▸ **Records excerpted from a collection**
────────────────

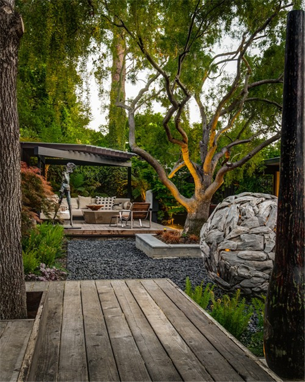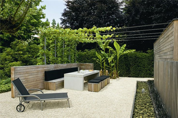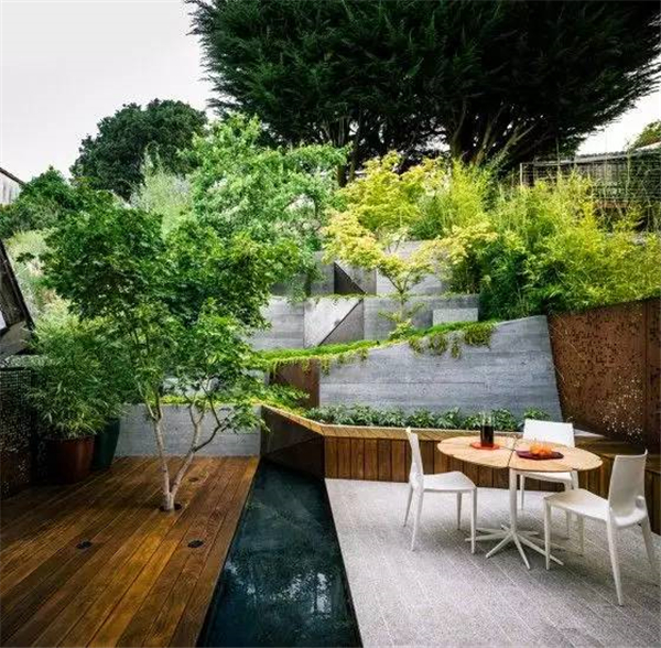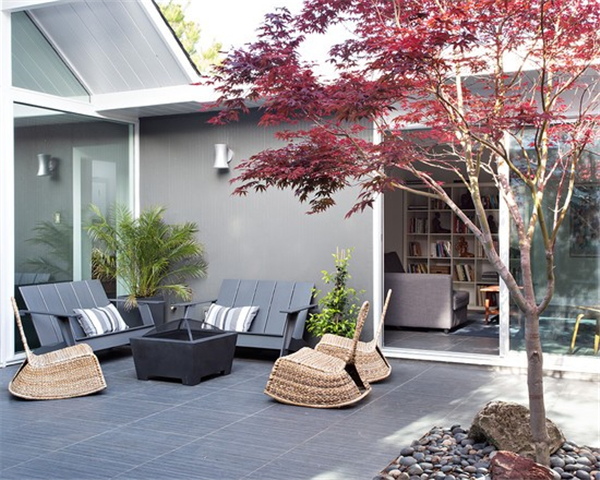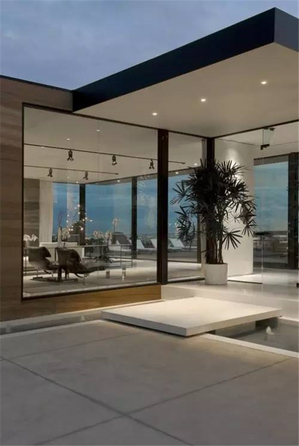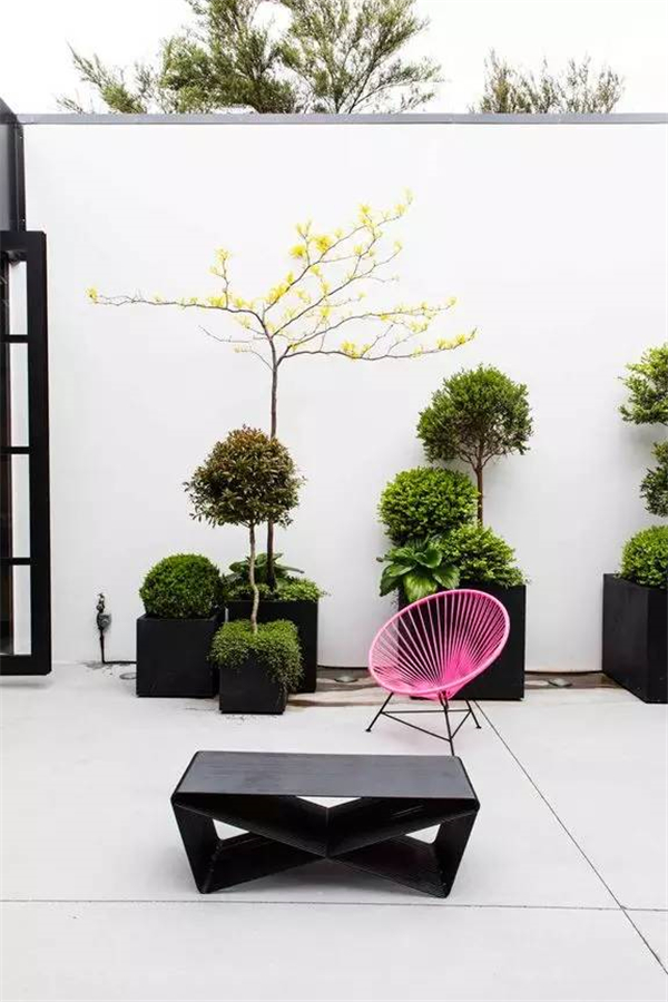 现代主义风格体现的是一种简约之美,现代风格的庭院最适宜建造在现代主义风格或20世纪末建成的建筑的周围。任何建筑,只要不是很典型的规则风格,都可以配合现代风格的庭院。
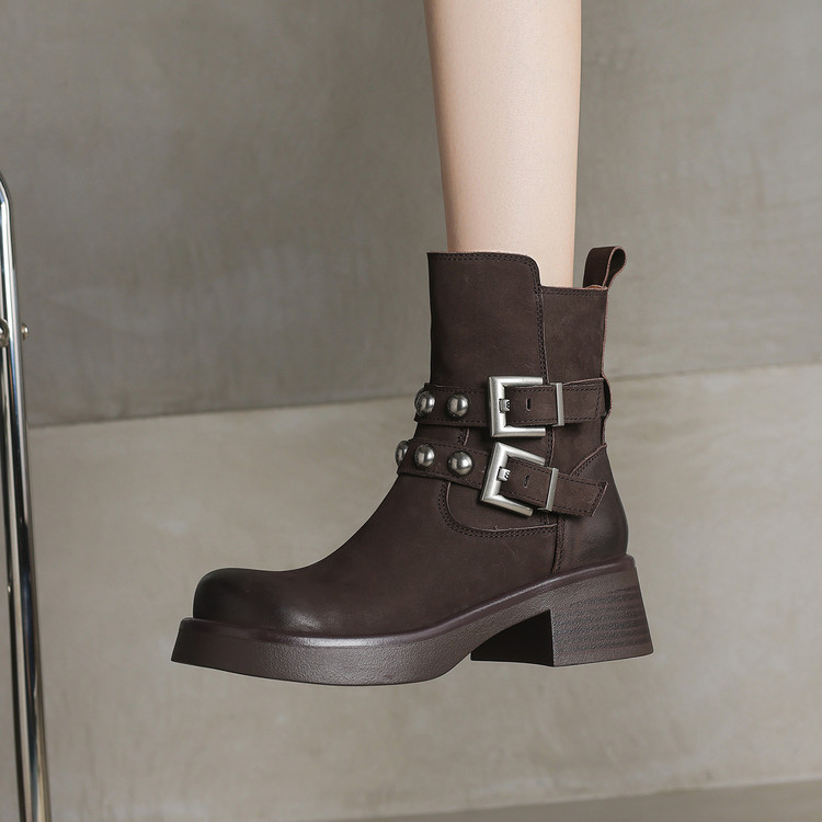 水洗牛皮~英伦风复古短靴
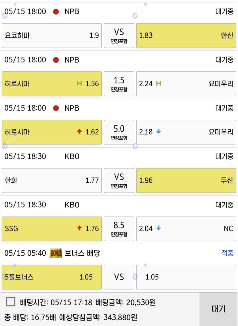 베팅 내역의 결과는 오늘 저녁에나 나오겠네요.
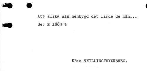 //// Att älska sin hembygd det lärde de män..* //// t)^^ Se: E 1863 t //// KB:s SKILLINGTRYCKSREG. ////
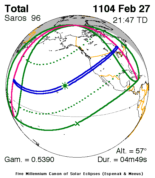 A total eclipse of the Sun occurred on 27 February, 1104 UT Old Style, with maximum eclipse at 21:29 UT. A dramatic total eclipse plunged the Sun into darkness for 4 minutes and 49 seconds at maximum, creating an amazing spectacle for observers in a broad path up to 221 km wide.
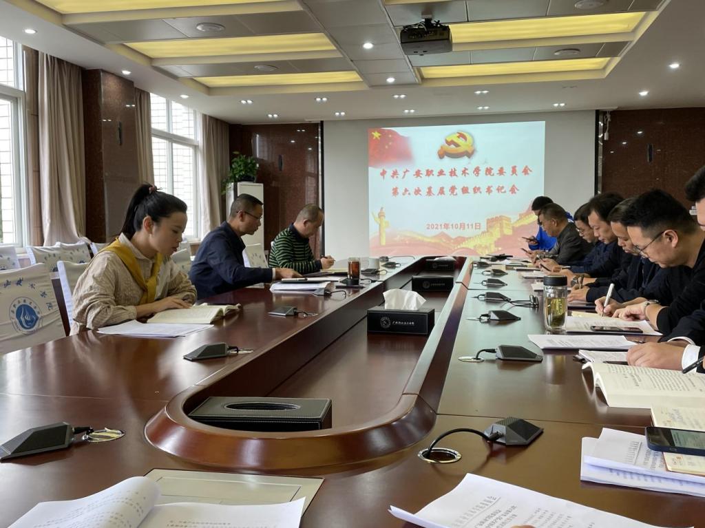 会上集中学习了《习近平新时代中国特色社会主义思想三十讲》第十九讲-建设具有强大凝聚力和引领力的社会主义意识形态、全省高校党的建设工作会议精神以及学校党委《关于选举出席中国共产党广安市第六次代表大会代表的工作方案》,并对代表推选工作进行了详细的安排部署。
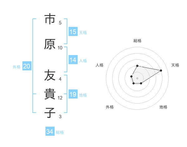 市原 友貴子さんを姓名の画数から五運を鑑定

────────────────

▸ **Your instructions**
Without including any pictures, reproduce the data exactly.

▸ **Reply**
 现代主义风格体现的是一种简约之美,现代风格的庭院最适宜建造在现代主义风格或20世纪末建成的建筑的周围。任何建筑,只要不是很典型的规则风格,都可以配合现代风格的庭院。
 水洗牛皮~英伦风复古短靴
 베팅 내역의 결과는 오늘 저녁에나 나오겠네요.
 //// Att älska sin hembygd det lärde de män..* //// t)^^ Se: E 1863 t //// KB:s SKILLINGTRYCKSREG. ////
 A total eclipse of the Sun occurred on 27 February, 1104 UT Old Style, with maximum eclipse at 21:29 UT. A dramatic total eclipse plunged the Sun into darkness for 4 minutes and 49 seconds at maximum, creating an amazing spectacle for observers in a broad path up to 221 km wide.
 会上集中学习了《习近平新时代中国特色社会主义思想三十讲》第十九讲-建设具有强大凝聚力和引领力的社会主义意识形态、全省高校党的建设工作会议精神以及学校党委《关于选举出席中国共产党广安市第六次代表大会代表的工作方案》,并对代表推选工作进行了详细的安排部署。
 市原 友貴子さんを姓名の画数から五運を鑑定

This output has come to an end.